The focus on emissions from private cars is also not a good enough solution, says Professor Kelly. A vehicle’s weight is a huge factor in determining its emissions, and so merely shifting people onto diesel-engined buses will not help.

“We’ve had ten hydrogen buses running around, single decker ones, in London for the last, I think it’s seven years. And they’re extremely good. But they’re extremely expensive at the moment,” he added. He believes that if we invest more in the greening and de-carbonisation of public transport, that it will have a bigger effect than on changing over private cars to electric power.

Electric transport

“ If we can provide clean, efficient public transport, then I think we can be in a much better position to restrict private vehicle use from our from our city centres. And the environment that we want there is one where there’s much, much fewer vehicles, less noise, and more blue skies.

“Ideally, I would like to see any vehicles in our large city centres to be either electric or hydrogen. I’d like to see more investment into modern tram systems too, because I think they can be very efficient for moving people around. And clearly, eventually, just no access to private vehicles unless they’re taxis for the disabled or whatever, and just everybody walking or cycling or being on an electric scooter, whatever form of electric transport an individual can use in the future.”

There are other issues to address, including the shedding of microplastics from tyres, which are then washed away off the road and into drains, polluting the water supply. Tyre manufacturers are working on projects to reduce both particulate and plastic emissions from tyres, but it’s a long and expensive road of development.

Other suggest that there is a potential future in artificially-made fuels. The Institute of Mechanical Engineers recently issued a report which suggested that synthetic ‘low-carbon’ fuels, and bio-fuels, could make a significant difference to emissions. Professor Kelly doesn’t think so, though.
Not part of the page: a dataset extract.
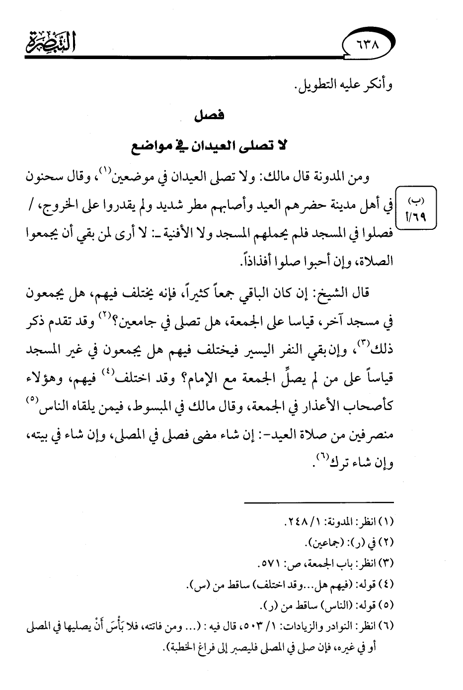 (¬6) انظر: النوادر والزيادات: 1/ 503، قال فيه: (. . . ومن فاتته، فلا بَأْسَ أَنْ يصليها في المصلى أو في غيره، فإن صلى في المصلى فليصبر إلى فراغ الخطبة).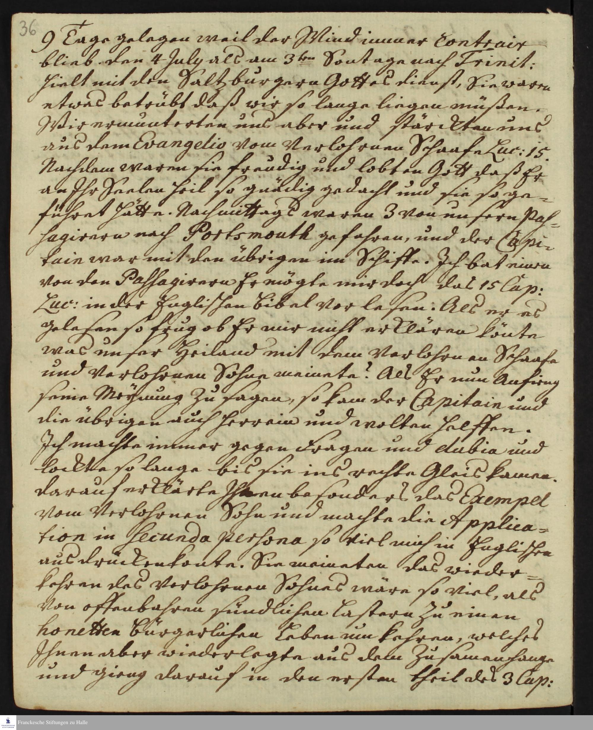 Reisetagebuch von Heinrich Melchior Mühlenberg.

We need fewer vehicles on the road

“No, I don’t agree with that path. We need fewer vehicles on the road is my view. So putting that into current context , many cities around the globe are talking about temporary bike lanes, expanding pavement use and losing some roads to traffic all together. I think this is the opportunity for city authorities and governments to bring in a combination of those interventions, I guess, along with cleaning up public transport and the private transport fleet, but ensuring that’s combined with the other end where we don’t need to travel as much, and therefore, we just have fewer transport emissions altogether.

“We’re going to need clear leadership. I think there will be support from the ground level up because I think people have appreciated that there are advantages of not having to travel so much. So I think if city administrations can take advantage of the experiences that we’re going through right now, then there may well be long-term benefits to that.

“But I think it’s going to require careful input from central governments, from the city administrations and right down to the individual making personal choices. They don’t have to go into work physically, you know, five days a week in future that they can actually work effectively from home on a couple of days.”